We give some of the notations, definitions, and lemmas which will be used in the sequel. For \(A=(a_{i,j})\), \(B=(b_{i,j})\in R^{n\times n}\), we write \(A\geq B\) if \(a_{i,j}\geq b_{i,j}\) holds for all \(i,j=1,2, \ldots ,n\). \(A\geq O\) is called nonnegative if \(a_{i,j}\geq 0\) for all \(i,j=1,2,\ldots ,n\), where O is an \(n\times n\) zero matrix. For the vectors \(a, b\in R^{n\times 1}\), \(a\geq b\) and \(a\geq 0\) can be defined in a similar manner. By \(|A|=(|a_{ij}|)\) we define the absolute value of a given matrix \(A\in \mathbb{R}^{n\times n}\). We denote the \(n\times n\) diagonal matrix coinciding in its diagonal with matrix \(C\in \mathbb{R}^{n\times n}\) by \(\operatorname{diag}(C)\). For simplicity, we may assume that \(a_{ii}=1\) (\(i=1,2 \dots n \)).

Lemma 1

([17])

Let \(A = [a_{i j}] \in R^{n \times n}\) and \(a_{i j} \leq 0\) for \(i\neq j\). A is an M-matrix if and only if there exists a positive vector y such that \(Ay > 0\).

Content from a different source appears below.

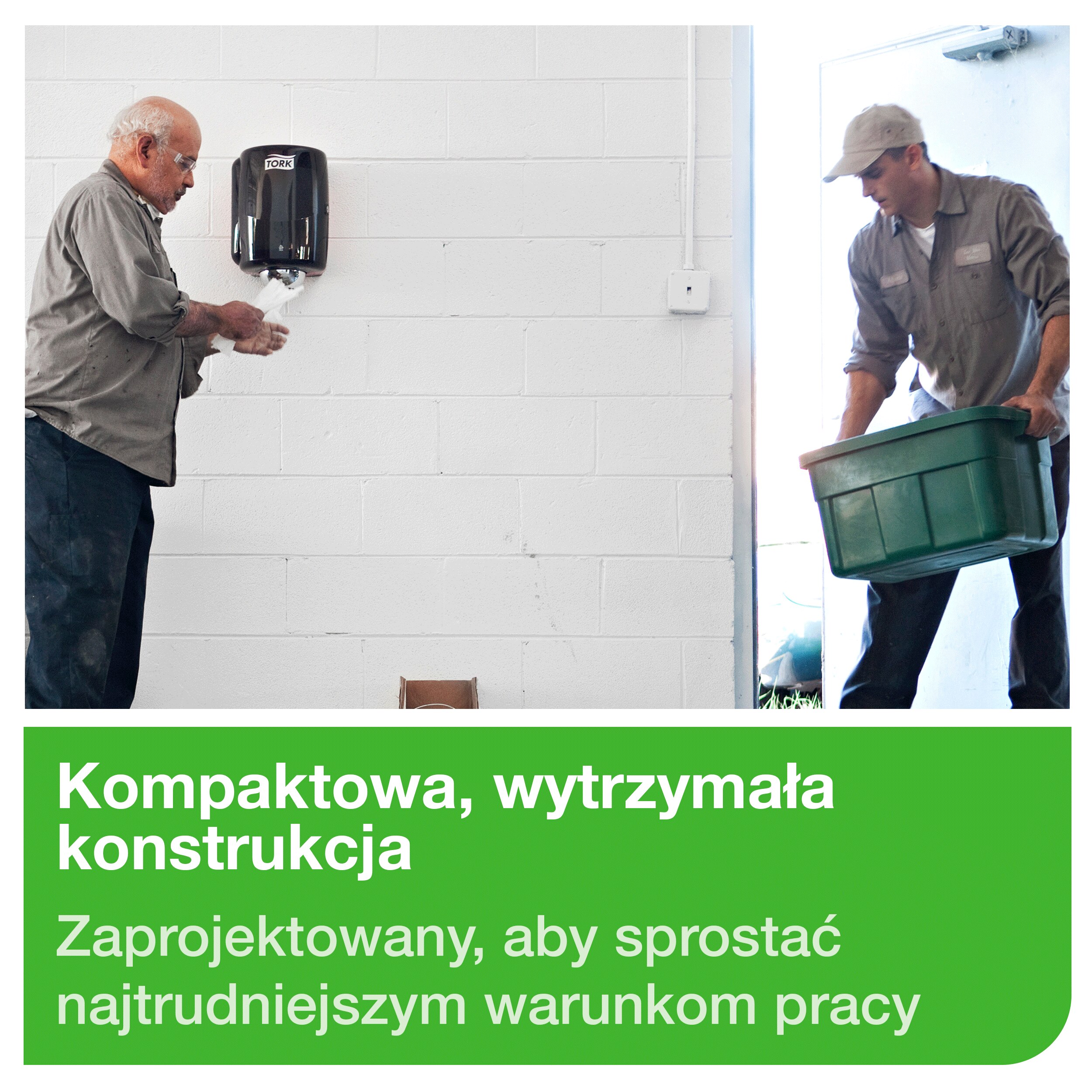 Nieodpowiednio dobrane wyposażenie może być przyczyną problemów i opóźnień. Wytrzymała i trwała konstrukcja systemu centralnego dozowania idealnie nadaje się do trudnych warunków. Dozowanie jedną ręką umożliwia szybsze odrywanie odcinków, zwiększając wydajność czyszczenia, z kolei pokrywa chroniąca zabezpiecza czyściwo i ręcznik papierowy, zapewniając wyższy poziom higieny. Łatwy w utrzymaniu w czystości i uzupełnianiu dozownik sprawia, że personel zyskuje więcej czasu na inne zadania, poprawiając wydajność w miejscu pracy.

There are equivalent conditions of an M-matrix, a nonsingular M-matrix is a monotone matrix, see [4].

Definition 1

([4])

For a matrix \(A\in \mathbb{R}^{n\times n}\), the representation \(A=M-N\) is called a splitting of A if M is nonsingular. Then \(A=M-N\) is called weak regular if \(M^{-1}\geq 0\) and \(M^{-1}N\geq 0\).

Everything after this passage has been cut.